### WHAT IS EXPECTED
Images are to be left out; everything else in the listing should be repeated exactly.

### DATA PROVIDED
········

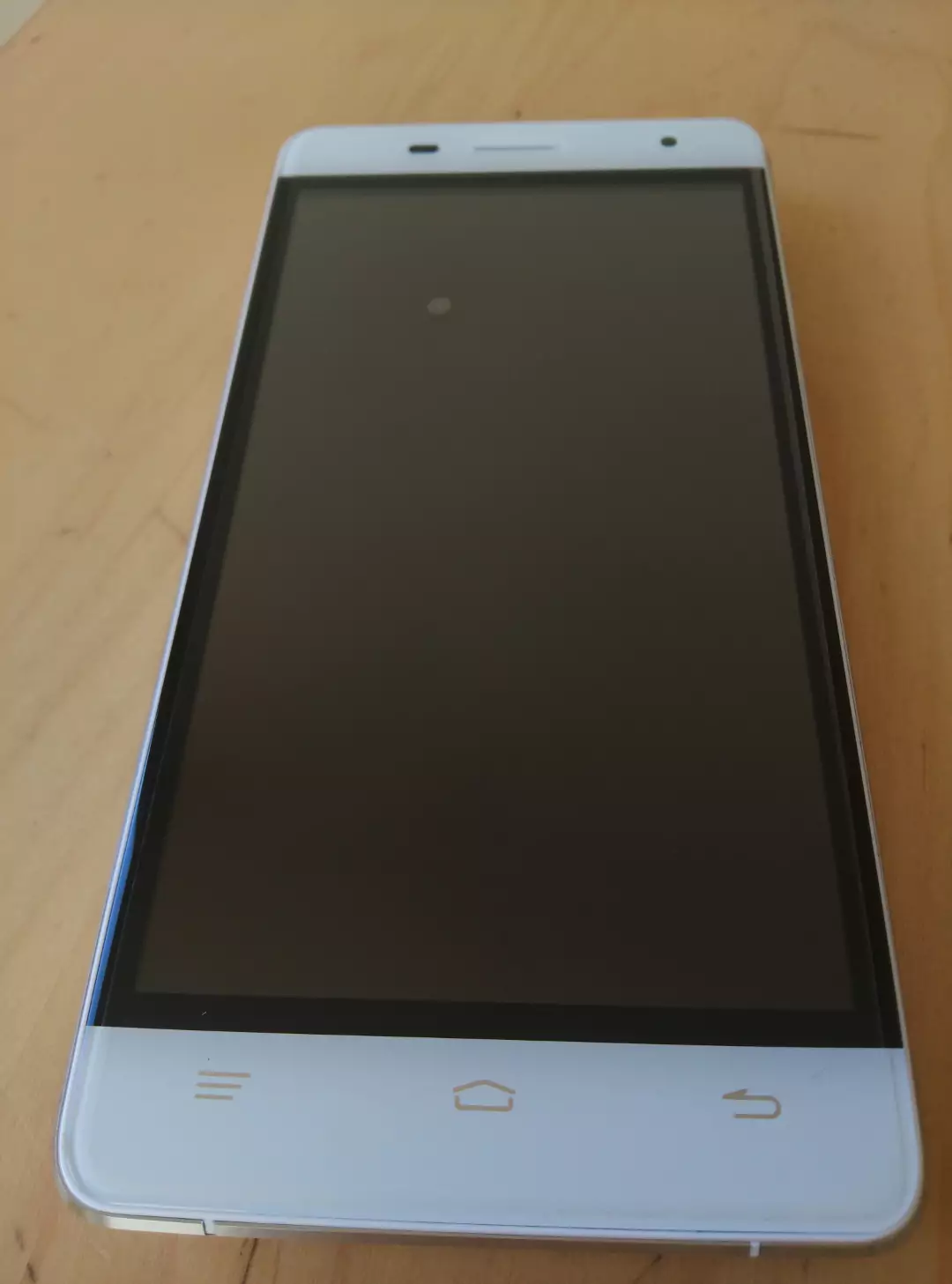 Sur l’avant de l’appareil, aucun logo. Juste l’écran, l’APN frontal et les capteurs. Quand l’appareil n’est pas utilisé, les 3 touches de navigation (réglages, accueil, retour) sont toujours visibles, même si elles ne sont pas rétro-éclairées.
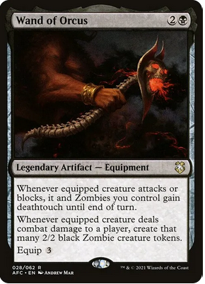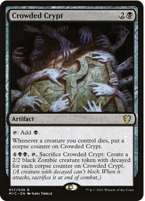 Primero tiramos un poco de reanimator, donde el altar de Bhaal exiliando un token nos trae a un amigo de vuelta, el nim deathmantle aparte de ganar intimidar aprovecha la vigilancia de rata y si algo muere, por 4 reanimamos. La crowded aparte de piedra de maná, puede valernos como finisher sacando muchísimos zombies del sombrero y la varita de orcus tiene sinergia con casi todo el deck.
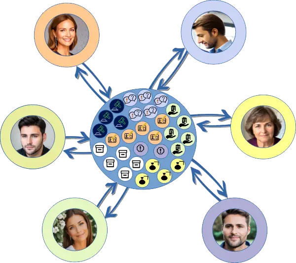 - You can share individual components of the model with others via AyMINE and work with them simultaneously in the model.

········

### EXPECTED ANSWER
 Sur l’avant de l’appareil, aucun logo. Juste l’écran, l’APN frontal et les capteurs. Quand l’appareil n’est pas utilisé, les 3 touches de navigation (réglages, accueil, retour) sont toujours visibles, même si elles ne sont pas rétro-éclairées.
 Primero tiramos un poco de reanimator, donde el altar de Bhaal exiliando un token nos trae a un amigo de vuelta, el nim deathmantle aparte de ganar intimidar aprovecha la vigilancia de rata y si algo muere, por 4 reanimamos. La crowded aparte de piedra de maná, puede valernos como finisher sacando muchísimos zombies del sombrero y la varita de orcus tiene sinergia con casi todo el deck.
 - You can share individual components of the model with others via AyMINE and work with them simultaneously in the model.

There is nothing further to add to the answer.